Is this really that much of a motivation in 2025? Maybe in 2000 you could publish a PDF with the assurance that only the people who paid for Acrobat would be able to edit it, but today, there are a lot of accessible ways to edit PDFs, I don't think I'd choose PDF if I for whatever reason wanted to limit others from editing.

guywithahat · 5 months ago

I was thinking this too, PDF's exist so people don't mess with the document. That said, it's still a clever feature, and pandoc can convert html into a pdf as well with a conversion engine. That said, I suspect it'll fail on anything sufficiently complex

pandoc input.html -o output.pdf --pdf-engine=<your engine>

moralestapia · 5 months ago

Please don't police what other people do.

Aachen · 5 months ago

If I were police, I could still not enforce that this is what they run until it's law. They're free to choose this option if they like the merits

Snawoot · 5 months ago

chrome --headless --disable-gpu --print-to-pdf https://example.com

piptastic · 5 months ago

same: google-chrome --headless --disable-gpu --no-pdf-header-footer --hide-scrollbars --print-to-pdf-margins="0,0,0,0" --print-to-pdf --window-size=1280,720 https://example.com

ended up using headless chrome specifically to make sure javascript things rendered properly

hhthrowaway1230 · 5 months ago

Used this, sigh of relief, thank you

HPsquared · 5 months ago

Can Chromium do this?

Edit: it appears so- https://news.ycombinator.com/item?id=15131840

nine_k · 5 months ago

Yes, routinely works for me.

mmphosis · 5 months ago

Can Firefox do this?

with an elaborate script that relies on xdotool

andrehacker · 5 months ago

Yes, kind of...

/path/to/firefox --window-size 1700 --headless -screenshot myfile.png file://myfile.html

Easy, right ?

Used this for many years... but beware:

- caveat 1: this is (or was) a more or less undocumented function and a few years ago it just disappeared only to come back in a later release.

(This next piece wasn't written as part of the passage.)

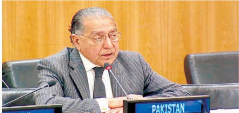
NEW YORK: Ambassador Munir Akram, Permanent Representative of Pakistan to the UN, during the member states briefing on the UN 2023 water conference, by permanent mission of Tajikistan and Netherlands.

LAHORE: The Punjab authorities have been considering a proposal to provide free transport facility of Orange Line Metro Train (OLMT) to the school children in Lahore, it was learnt on Wednesday. In the first phase, 200,000 children will be issued travel passes. The metro authorities sought the proposals and recommendations in this regard from the school administrations. The metro pass to students could be availed to go and come back from the school. Orange Line is an automated rapid transit line in Lahore being operated by the Punjab Mass Transit Authority. INP

- caveat 2: even though you can convert local files it does require internet access as any references to icons, style sheets, fonts and tracker pixels cause Firefox to attempt to retrieve them without any (sensible) timeout. So, running this on a server without internet access will make the process hang forever.

jlokier · 5 months ago

Last time I explored this, Firefox rendered thin lines in subtly bordered tables as thick lines, so I had to use Chromium. But back then Chrome did worse at pagination than Firefox.

So I used Firefox for multi-page documents and Chromium for single-page invoices.

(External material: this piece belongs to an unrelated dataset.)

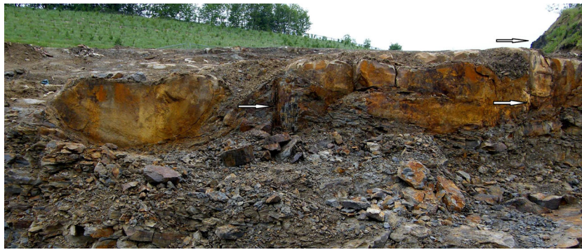
Fig. 3 The sediments of the sequence at Brymbo showing the mudstones above the Crank Coal followed by massive sandstone containing casts of two arborescent lycophyte stems ( arrowed ). The one on the left has been

removed leaving only a cast. There are fine shales above the sandstone leading to the upper coal seam (2-yd seam) which is also arrowed

I spent a lot of time with different versions of both browsers, and numerous quirks made a very unpleasant experience.

Eventually I settled on Chromium (Ungoogled), which I use nowadays for invoices.

nine_k · 5 months ago

Why, Firefox has a headless mode. It can't just print a document via a simple CLI command, you have to go for Selenium (or maybe Playwright, I did not try it in that capacity). Foxdriver would work, but its development ceased.

lizimo · 5 months ago

If generating PDF dynamically is what you really care about, consider Typst. https://typst.app/ We use it in production to generate reports, and it is amazing.

leephillips · 5 months ago

See https://lwn.net/Articles/1037577/ for a recent summary of what you can do with Typst.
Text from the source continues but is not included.